Anyone can comment on it for MTB use?
Also does all MINI dealers are so hardheaded on the sticker price or it's only when you trying to order something built to spec?


----------



## Buster1971 (May 11, 2009)

I have a mini cooper and purchased the Minifini sport link, sport link attach base and a 2"receiver. Easy to install and remove a hitch mount rack. I use a Kuat NV. Little pricy but works great.
Mini-Fini designer of Mini-Cooper accessories: Shop


----------



## Bill in Houston (Nov 26, 2011)

what's that suction one? something like seasucker?

very soon there will be aftermarket options available, i'm sure. join a mini group to get the real answers to all these questions.


----------



## mbeardsl (Sep 9, 2009)

Just got this aftermarket hitch.
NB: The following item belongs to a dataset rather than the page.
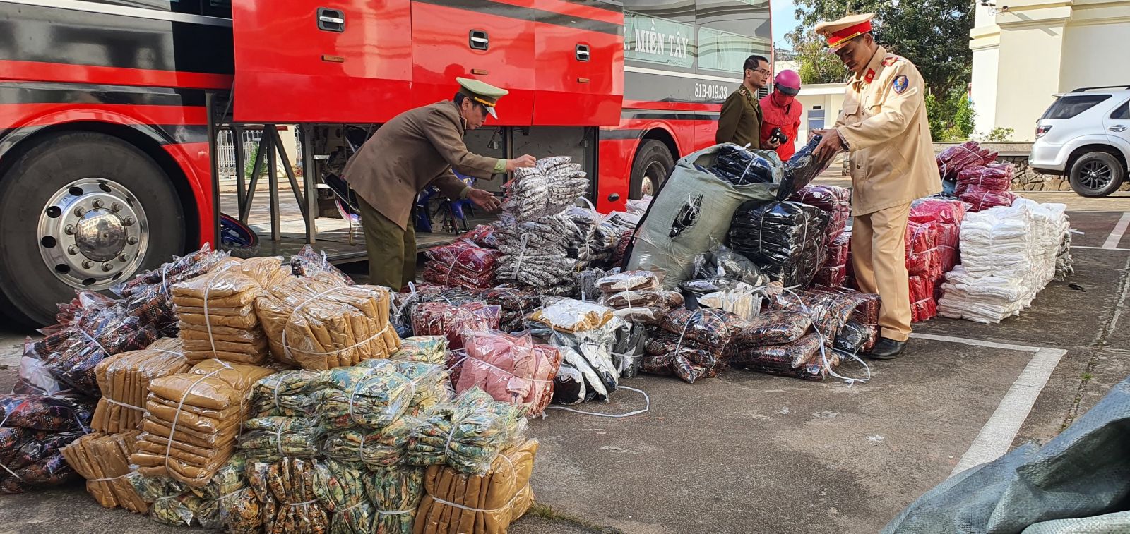 Ngày 17/1, Phòng CSGT Công an tỉnh Đắk Lắk phối hợp với Cục quản lý thị trường Đắk Lắk phát hiện xe khách chở số lượng lớn thời trang không có hóa đơn, chứng từ.

Should work great for you.
http://www.countrymanconnection.com
I think the retauler is moving their site from minimania.com to something else this week, hence the confusion on where to actually get the thing. 
The email for the guy that actually makes them is [email protected] (seriously), think his name is Andy, nice guy.
And no I don't work for/with him/them.


----------



## Stalk (May 24, 2005)

Yep, found some hitch converters. 

But it seems idea is catching up. No only MINIs have this 2 hole mount system but BMW (no surprise) and recently I discovered same mount on new Mazda CX5. It's funny that nobody at dealership knew what it's for and unlike MINI/BMW accessory brochure, Mazda doesn't list anything that can fit it.

So does the systems is same size for all or different models have different distance between mounts? I see that BMW advertises different part numbers for 1 and 3 series. Does MINI Countryman uses one of those? Since you can find cheaper BMW rack compare to MINI pricing.


----------



## jmitchell13 (Nov 20, 2005)

These guys have hitch recievers for all mini models. I have one on my '08 cooper, with a Thule T2 in it.
Mini Cooper Towing & Hauling | Hidden Trailer Receiver Hitch | MiniDoMore.com


----------